Preferably a resealable cap may be used temporarily to close the opening. The memory chip may be integrally formed with the material of the sample carrier, for example by embedding therein during manufacture. Alternatively the memory chip may be permanently or removably attached to the sample carrier after manufacture. The memory chip may preferably comprise a random access memory chip, connected to an aerial.

Sample carriers augmented with addressable memory chips according to the present invention would also allow the following functions to be developed as part of a fully automated system:

1. Robotic control mechanisms would be provided with radio frequency information from the microchip to assist accurate localisation of the sample carrier during manipulation; and, 2. Automated storage and retrieval systems for carriers that have completed testing. (Often clinicians request additional tests on samples that are already in the laboratory to save the necessity of taking another sample. Currently the laboratory technician has to retrieve the sample manually. Also different samples are kept in storage for variable lengths of time before being thrown away.)

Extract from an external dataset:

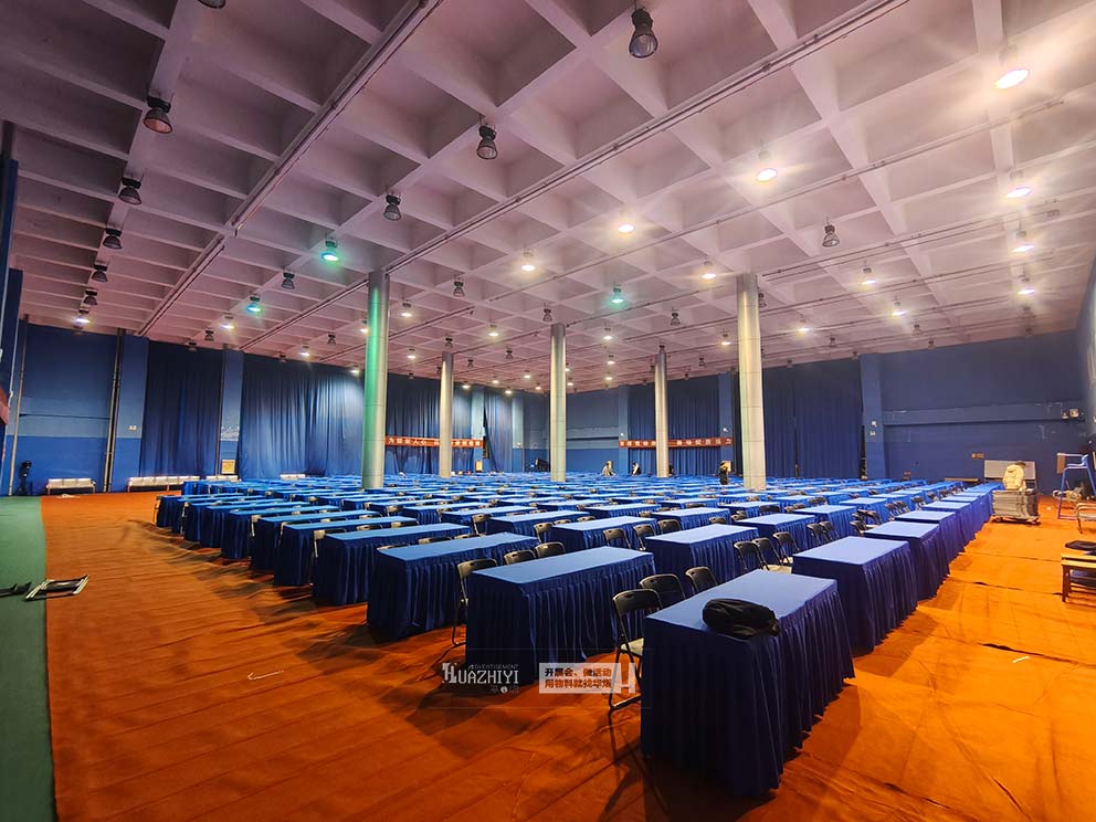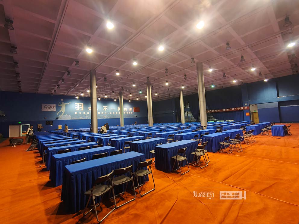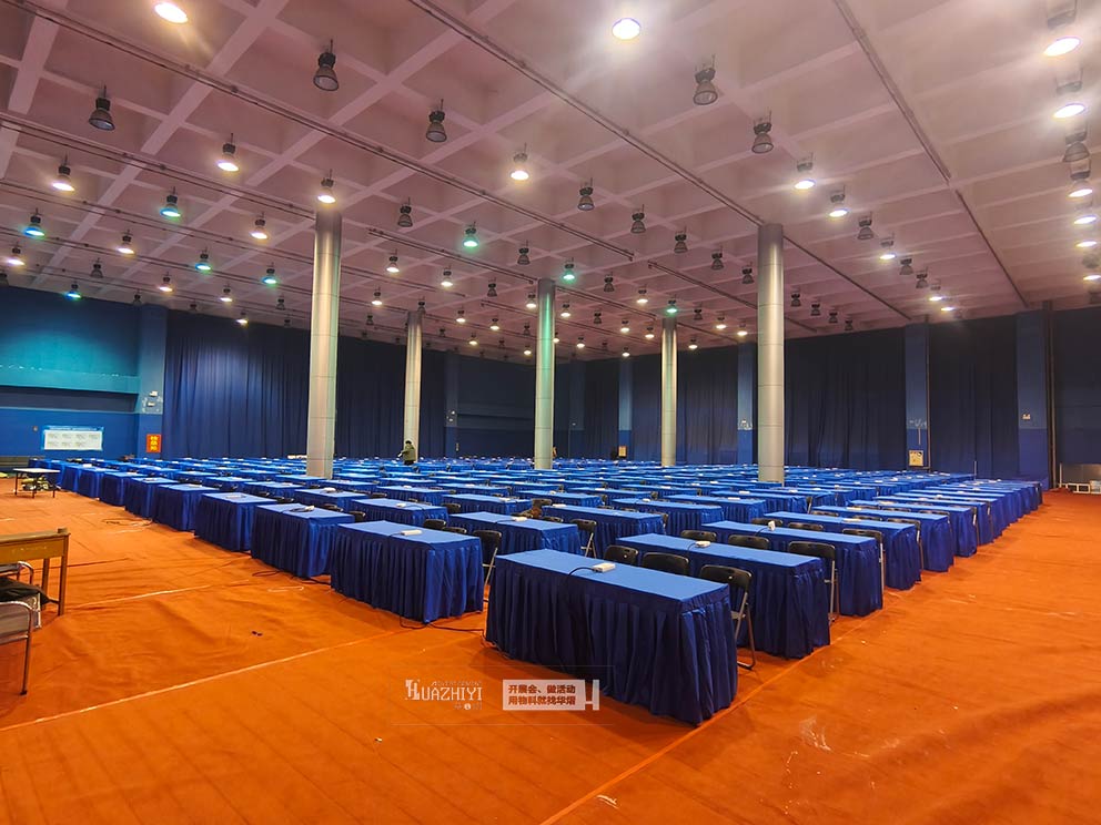 一場兼具秩序感與活力的活動,離不開貼合場景的場地布置。開封桌椅租賃精準把握高校活動特性,以鋪著藍色桌布的長條桌搭配黑色折疊椅為核心物料,為平頂山城建學院打造了功能實用、視覺協調的活動空間,讓校園活動在舒適有序的氛圍中精彩展開。

The management of the storage system could be automated by having a robotic control system enhanced by a memory chip reader and instructed by the laboratory control system to locate the sample by detecting sample specific data. As an example of a "housekeeping" function, the system could detect all biochemistry samples in storage more than one week old and retrieve them for disposal.

According to the present invention, there is also provided a method of taking and labelling a sample from a patient, comprising the steps of: - providing the patient with a identifying tag including an addressable non-volatile tagging chip to which patient data may be stored and from which said data may be retrieved electronically using wireless transmission;

- programming patient data onto the tagging chip;

- taking a test sample from the patient and loading the sample into a sample carrier having an addressable non-volatile memory chip to which data may be stored and from which said data may be retrieved electronically using wireless transmission; and

- electronically reading the patient data from the tagging chip and using said patient data to program sample specific data onto the memory chip.

By way of example only, various embodiments of the present invention will now be described with reference to the accompanying drawings in which: Figure 1 is a flow chart of a simple embodiment of the present invention; Figure 2 is a flow chart of a different embodiment of the present invention wherein the lab system is linked to a networked user database;

Figure 3 is a flow chart of a further embodiment of the present invention wherein the lab system is linked to a standalone user database; Figure 4 is a flow chart of a yet further embodiment of the present invention wherein testing is carried out at the bedside;

Figures 5a, 5b and 5c show a sample being collected by a first sampling method; Figures 6a, 6b and 6c show a sample being collected by a second sampling method; and,

Figures 7a and 7b show a sample being collected by a third sampling method.

Referring initially to Figure 1, a simplified flow diagram depicting a method according to the present invention is shown. In this method, a sample 10 is loaded into a sample carrier 12 incorporating an addressable memory chip 14. A lid 16 is placed on the open end of the sample carrier 12 to seal in the sample 10 and prevent contamination. A personal digital assistant (PDA) 18 is used by a person taking the sample (the "sampler") or a person requesting the test (the "requestor" - who may also be the sampler), to program sample specific data on to the memory chip 14 using wireless transmission. The personal digital assistant 18 may communicate with a personal computer 20 to transfer information.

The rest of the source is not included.